Primeiro, precisamos de criar um conjunto de dados com pontos de dados internos e externos, e identificá-los corretamente. Os pontos de dados internos (positivos) serão os dados de validação e teste utilizados no modelo de Classificação de Imagens. Os pontos de dados externos poderiam ser imagens de conjuntos de dados como ImageNet/COCO, por exemplo. Idealmente, deveríamos também incluir imagens semelhantes ao nosso conjunto de dados que seriam provavelmente erros de um utilizador desinformado. Por exemplo, se o nosso modelo foi treinado para classificar objetos presentes numa casa de banho (sanita, banheira, lavatório, etc.), uma imagem externa poderia ser um objeto que pode encontrar dentro da sua casa mas que não está presente em casas de banho (cama, sofá, cadeiras, etc.).

Segundo, precisamos de extrair uma representação numérica das imagens – os embeddings.

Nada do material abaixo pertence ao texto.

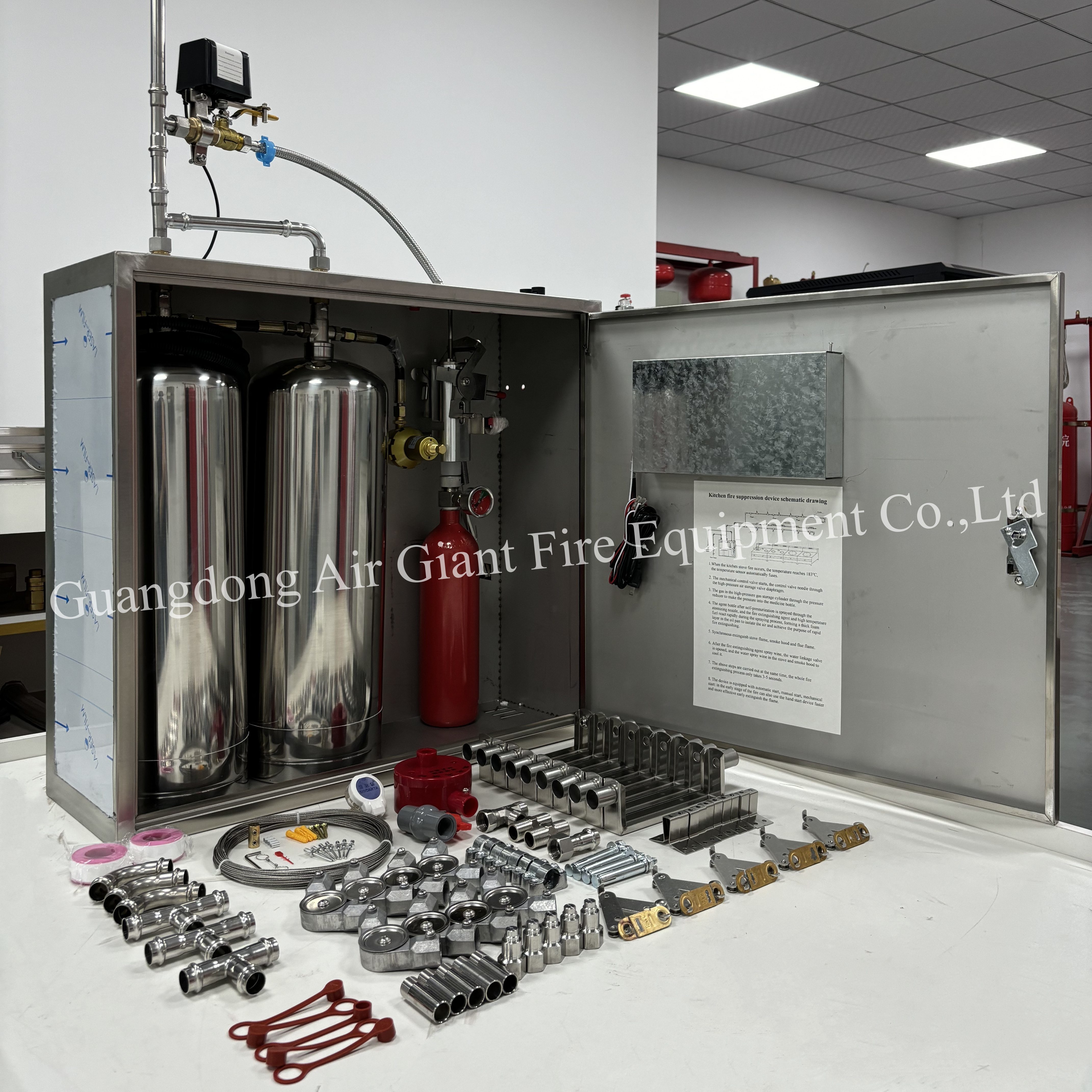 Mutfak ekipmanları yangın söndürme cihazı birendüstriyel mutfaklar, ticari mutfaklar ve sivil mutfaklar gibi yüksek nemli ve sıcaklık ortamlarında monte edilen cihazların tam seti, şunları içerir:

Uma vez que estamos a lidar com dados não estruturados, precisamos de extrair o espaço latente de cada imagem no nosso conjunto de dados antes de ajustarmos os nossos dados ao modelo GMM.

Agora, ajustamos os dados internos ao GMM e validamos o desempenho na detecção de outliers usando tanto dados internos como externos. Nesta fase, pode ser necessário dedicar algum tempo a ajustar os parâmetros do GMM. Uma coisa importante a recordar é que o número de classes que temos no nosso conjunto de dados pode indicar quantos componentes de mistura Gaussiana precisamos no modelo GMM.

E se o GMM não conseguir distinguir suficientemente bem entre casos reais e ataques adversariais?

Nos casos em que foram utilizados modelos pré-treinados para extrair os embeddings, o que pode acontecer é que os espaços latentes das amostras internas e externas ainda são muito semelhantes quando comparados com o domínio abrangente presente nos conjuntos de dados utilizados para treinar esses modelos pré-treinados. ImageNet contém imagens de animais, natureza e objetos de todos os tipos. Portanto, quando utilizamos um modelo pré-treinado que foi treinado em ImageNet para extrair embeddings das nossas imagens específicas de domínio, é normal que esses espaços latentes sejam bastante semelhantes.

Como podemos ajudar o modelo GMM a distinguir melhor os espaços latentes das amostras internas e externas? Utilizando Principal Component Analysis (ou qualquer outra técnica de redução de dimensionalidade) devemos conseguir eliminar semelhanças gerais entre as amostras. Também nesta fase, pode ser necessário dedicar tempo a ajustar os parâmetros e determinar quanta redução devemos aplicar. Depois de reduzirmos dimensionalmente os nossos espaços latentes, ajustamo-los ao modelo GMM.

Conclusão

Usar GMMs para detetar se uma amostra é demasiado diferente da distribuição de treino é uma excelente forma de proteger os nossos modelos de uso adversarial. Ao verificar se uma amostra pertence à distribuição de treino, garantimos que o modelo está a executar a tarefa para a qual foi concebido, evitando mau desempenho e aumentando assim a fiabilidade e reputação do nosso produto.